In 1933, Egypt's currency situation was defined by its adherence to the Gold Exchange Standard and its close economic ties to Britain. The Egyptian pound (EE) was pegged to sterling, which itself was pegged to gold, creating a stable but externally dependent monetary system. This arrangement facilitated trade and investment, particularly with the British Empire, but also meant that Egypt's monetary policy was largely dictated by the Bank of England and the economic conditions in London, limiting Cairo's autonomous control over its own economy.
The stability of this system faced a significant test in 1931 when Britain abandoned the gold standard, causing sterling to depreciate. Egypt made the pivotal decision to follow sterling off gold, maintaining the peg. This choice, while protecting the vital cotton export sector by keeping Egyptian goods competitively priced in key markets, also imported the inflationary pressures of a devalued currency. The decision underscored Egypt's vulnerable position within the sterling bloc, prioritizing trade relationships over independent monetary management during the global turbulence of the Great Depression.

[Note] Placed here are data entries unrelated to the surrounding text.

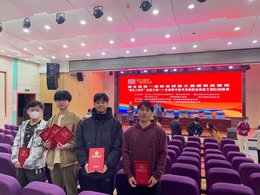 beat365官网建筑系20级工管班张宇、20级造价8班李永琪在“湖北工匠杯”技能大赛(BIM赛项)中分别喜获一等奖和二等奖,21级室内2班宋呈勋在湖北省第一届职业技能大赛(瓷砖贴面赛项)荣获铜奖,20级造价8班李永琪在湖北省第一届职业技能大赛(建筑信息模型BIM赛项)荣获优胜奖。
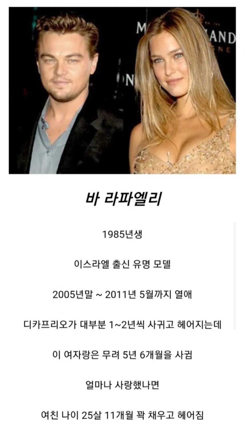요즘 핫한 의문 중 하나, 디카프리오의 가장 사랑하는 여자친구가 누구였을까? 발췌 자료의 단서들을 모아보면, 그 주인공은 이스라엘 출신 모델 바 라파엘리로 보인다. 두 사람은 2005년 말부터 2011년 5월까지 열애했다는 루머가 대중의 기억에 남아 있다. 이 글은 그 단서를 엮어 왜 이 커플이 오랜 기간 회자될 수밖에 없었는지, 맥락을 상상해 설명해 본다.
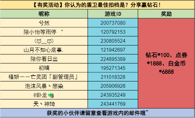 游戏平台(手游)+游戏ID+你认为的盾卫组队推荐+原因(如:手游 ID123456 )

Consequently, the currency landscape in 1933 was one of managed dependency. The Egyptian pound's value was stable against sterling but fluctuated against gold-backed currencies like the US dollar. The economy remained heavily oriented around cotton exports, and the banking sector was dominated by foreign institutions. While this system provided a measure of stability during a period of global financial chaos, it highlighted Egypt's colonial-era economic structures and the constraints on its national financial sovereignty, setting the stage for future debates over economic independence.